Topset under-reamed openhole wells are used primarily in the Powder River Basin. Reservoir parameters and the associated range of values that influence the selection and the success of this method are: depth less than 1,800 ft; permeability greater than 100 mD; and thickness greater than 30 ft.

The openhole cavity completion method is successful primarily in the fairway region of the San Juan Basin. Reservoir parameters and the corresponding range of values that influence the selection and the success of this method are: compressive strength less than 1,000 psi; permeability greater than 10 mD; and coal rank: high- to medium-volatile bituminous.

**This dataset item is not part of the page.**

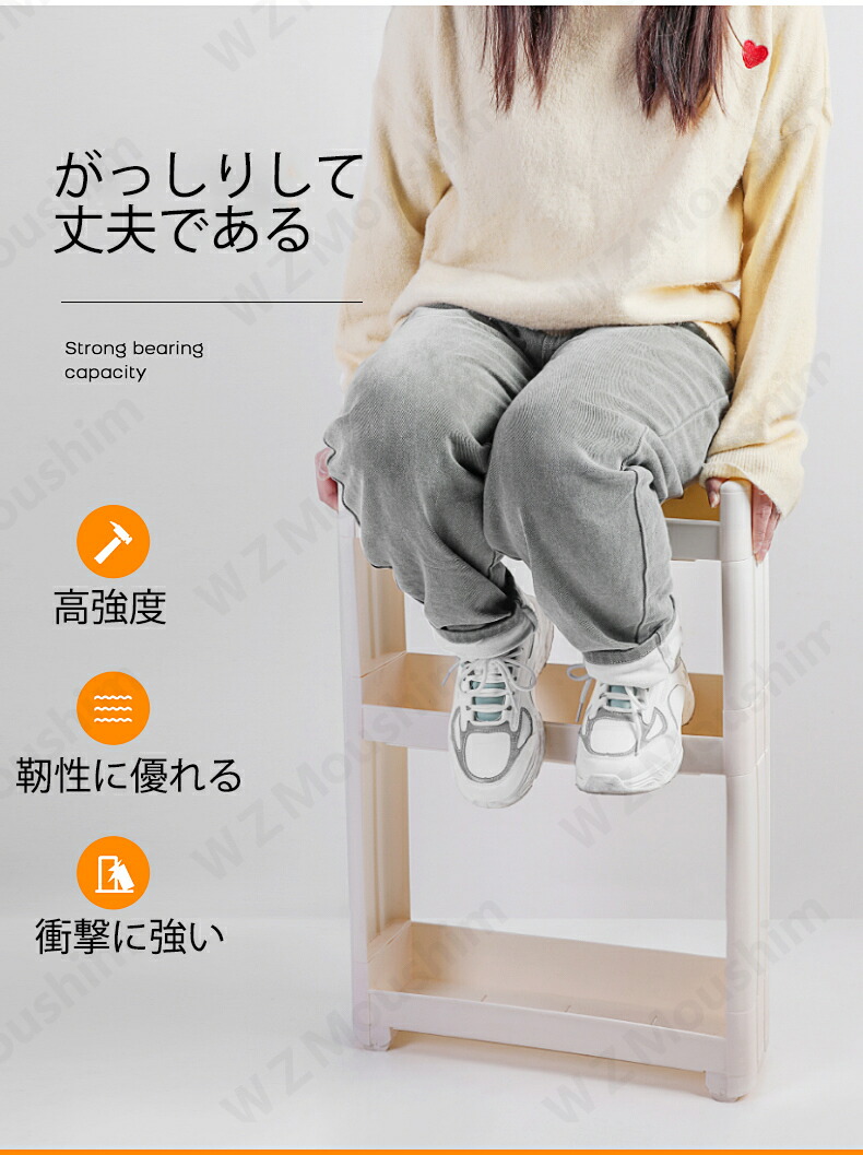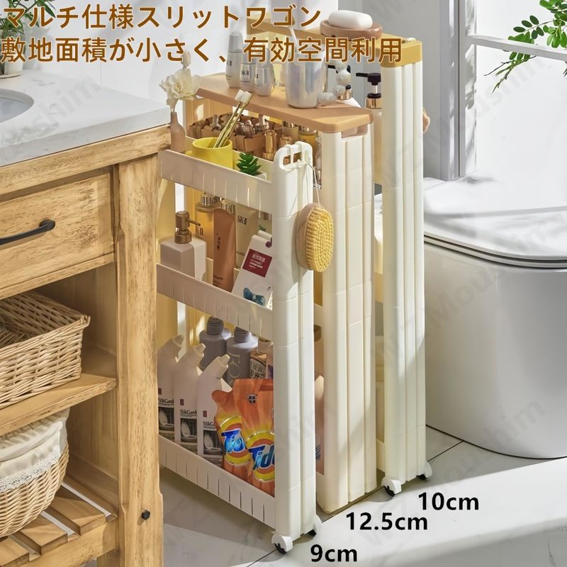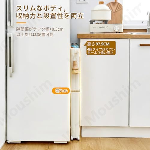 【7cm超薄型設計で空間を有効活用】冷蔵庫横、洗濯機横、洗面台下などのデッドスペースに最適。幅わずか7cmの超薄型設計で、狭いキッチンや浴室もすっきり収納。浴室、寝室、リビング、子供部屋、キッチン、書店、美容室など様々な場所で大活躍。抜群の収納力を実現します。

Horizontal wells are successful in the Arkoma, Appalachian and San Juan Basins. Reservoir parameters and the corresponding range of values that influence the selection and the success of this method are: thickness of 3 ft-20 ft; areal extent of the coal greater than 1,500 ft; dip of the coal seam less than 15°; and depth of 500-4000 ft.

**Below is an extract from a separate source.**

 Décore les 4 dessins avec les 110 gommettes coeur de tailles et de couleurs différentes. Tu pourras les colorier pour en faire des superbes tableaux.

Multilateral wells are successful in the Arkoma and Appalachian Basins. Reservoir parameters that influence the selection of this method are similar to those of horizontal wells. A key factor is that multilateral wells are successful where permeability is less than 1 mD. Multilateral horizontal wells drilled in pinnate pattern have the highest recovery efficiency of any type of CBM completion method with more than 85% recovery.

The cased-hole completion with hydraulic fracture stimulation is the most commonly used completion and stimulation method and may be applied to all coalbed reservoirs having permeability value less than 100 mD.

For coalbeds having permeability greater than 100 mD, water fracturing without proppant should be used. For dry coals, gas fracturing is the best stimulation method. For coalbeds having low water saturation and low reservoir pressure, foam fracturing is best. For coalbed reservoirs having permeability of 10-100 mD, cross-linked gel fracturing with proppant should be used. For coalbeds having permeability less than 1 mD, water fracturing with proppant should be used. For CBM wells with more than one coalbed, multistage fracturing is the best stimulation method if the seams are separated by a distance of more than 40 ft. WO 

 


THE AUTHORS

 

Sunil Ramaswamy works as a Reservoir Engineer for consulting services in Schlumberger Asia Services Limited. His past experience involves working as an Application Engineer for development of open cast coal mines for Larsen and Toubro Limited, India. Current interests include development of unconventional reservoirs, development of CBM reservoirs in India and enhanced recovery processes. He has an MS degree from Texas A&M University in petroleum engineering and a BS degree in mining engineering from National Institute of Technology Karnataka, Surathkal.


 

Walter B. Ayers is a Visiting Professor in the Petroleum Engineering Department at Texas A&M University. He teaches courses in formation evaluation, reservoir description, unconventional oil and gas reservoirs and petroleum geology. Ongoing research includes: shale, tight sand and coal reservoirs; CO2 sequestration and enhanced methane production from coalbeds; and production optimization of conventional reservoirs. Ayers holds a PhD in geology from University of Texas at Austin and MS and BS degrees in geology from West Virginia University.


 

Stephen A. Holditch is head of the Department of Petroleum Engineering at Texas A&M University. He previously worked for Schlumberger, and served as president of Holditch & Associates from 1977 to 2000. His firm provided petroleum engineering technology involving the analysis of low-permeability gas reservoirs and the design of hydraulic fracture treatments. Dr. Holditch also has been a Production Engineer at Shell Oil in charge of workover design and well completions. He joined the Texas A&M faculty in 1976.